Third: we moved for his career 2 times, so I often don't know people in our new locations. When we go to events, he completely leaves me alone where I don't know anyone. I've asked him to stay with me while he mingles with people, but he continues to "disappear" at parties. Recently, we went to New Orleans for a wedding. During the second parade he took off running ahead and left me alone marching in the back down the darkness of Bourbon Street.

There are others issues… for the past 3 months our sex on-line was completely dead. Anyway, last weekend SIL came to visit. She was fine at first, but then took over the kitchen. Then she took our clothes out of the washing machine (not washed yet) and put her clothes in. She had her foster children there and the whole time she yelled, and yelled, and yelled at them. I was so exhausted hosting and overwhelmed by the yelling. I think the 4 year old spent more time standing looking at the wall in time out than doing anything else.

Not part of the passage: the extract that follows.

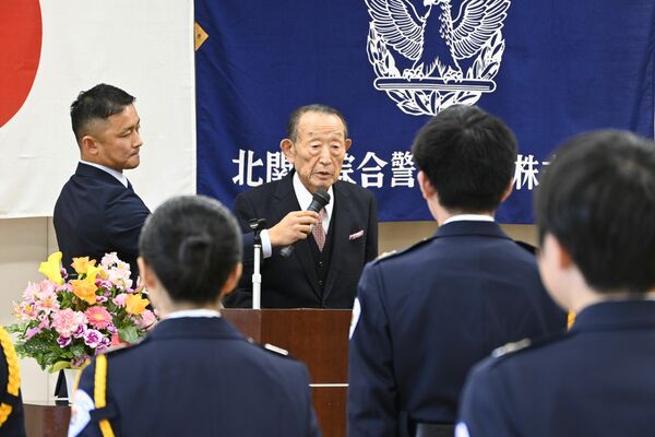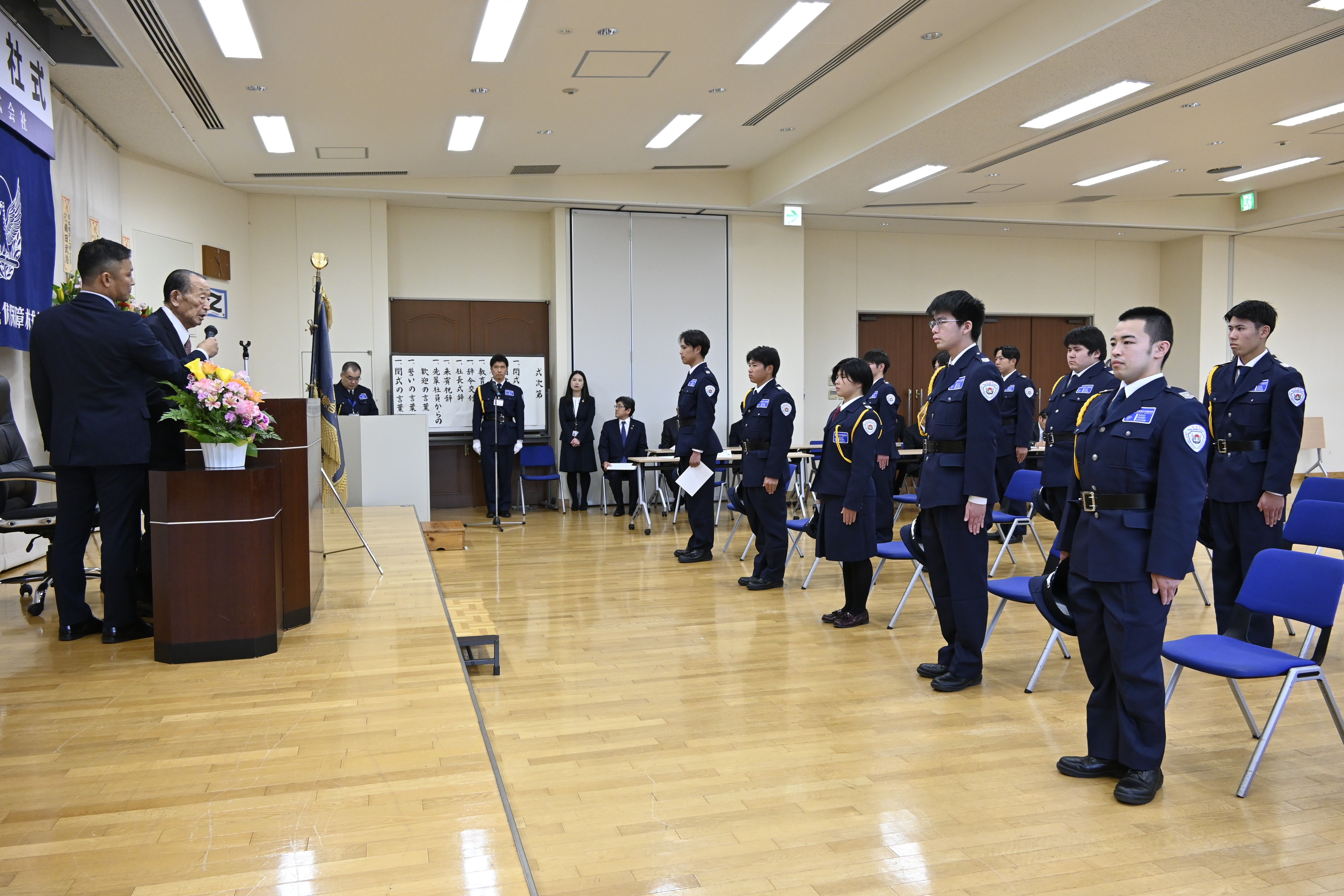 北関東綜合警備保障の入社式で青木会長(左端から2人目)から激励を受けた新入社員たち=1日午前、宇都宮市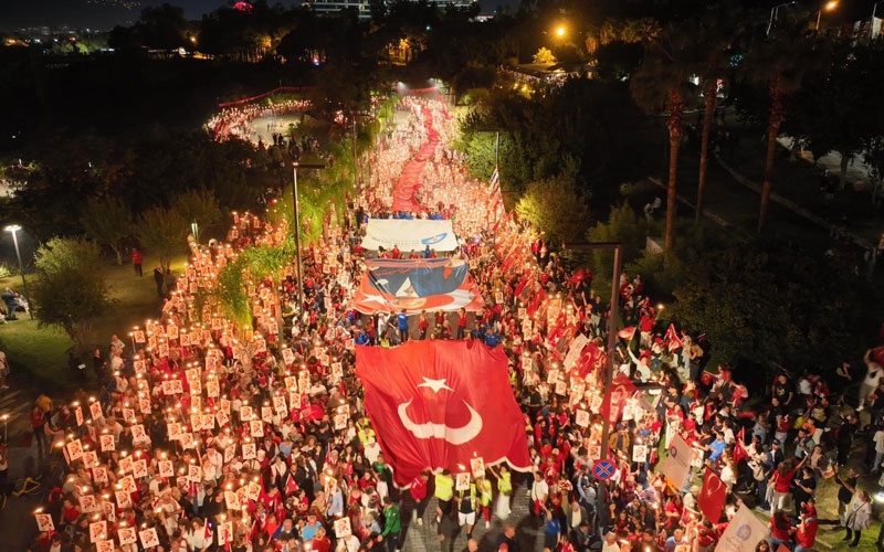 Konyaaltı Varyant'ta toplanan kalabalık yürüyüş güzergahını doldurdu. Antalya Valisi Hulusi Şahin, Büyükşehir Belediye Başkan Vekili Büşra Dirgen Özdemir, sivil toplum kuruluşlarının temsilcileri ve yüzlerce vatandaşın katıldığı yürüyüşte 400 metrelik dev Türk bayrağı taşındı.

I was so overstimulated and sad the whole time. She left on Tuesday and I had nightmares about her yelling and the children crying for days afterward.

So on to last night. I asked Husband if he saw a message I sent on FB. I don't usually use FB, so he was surprised and said he didn't get it. He got his phone and showed me. I see the name of Ex on the list of people he has been messaging. After the exhausting weekend feeling disrespected, this was just like a punch in the stomach. I agreed that I didn't see the message and showed him on my end that it was sent. We agreed it was odd.

Later, I could not hold it in. I said I saw Ex on his messages. I was hurt. He got defensive and said it's fine. Nothing is going on. I said it still upsets me. He yells and brings up all sorts of things that were not related. I started watching his body language. Time seemed to slow down and it was like I was no longer in my own body. I calmly and slowly walked up to him. Took my ring off. Put the ring in his hand and said. "I'm done. It's over. I'm going to take my things out of our room and sleep in the guest room. Keep your friend. I'm done." At the time I was so eerily calm. I meant what I said.

I still cannot believe I did this. I still think I meant it. I really love my husband, but I am not feeling loved. It feels like I'm trying to puppeteer a skeleton in this marriage. I don't know what to do now. We are talking civilly this morning but have not brought it up. I am torn. Part of me can't see what a life without him would look like, but another part doesn't know that this is a situation I can sustain. We have gone to counseling before, but it was not helpful. I always left feeling worse, and so did he. What are your thoughts? Advice please!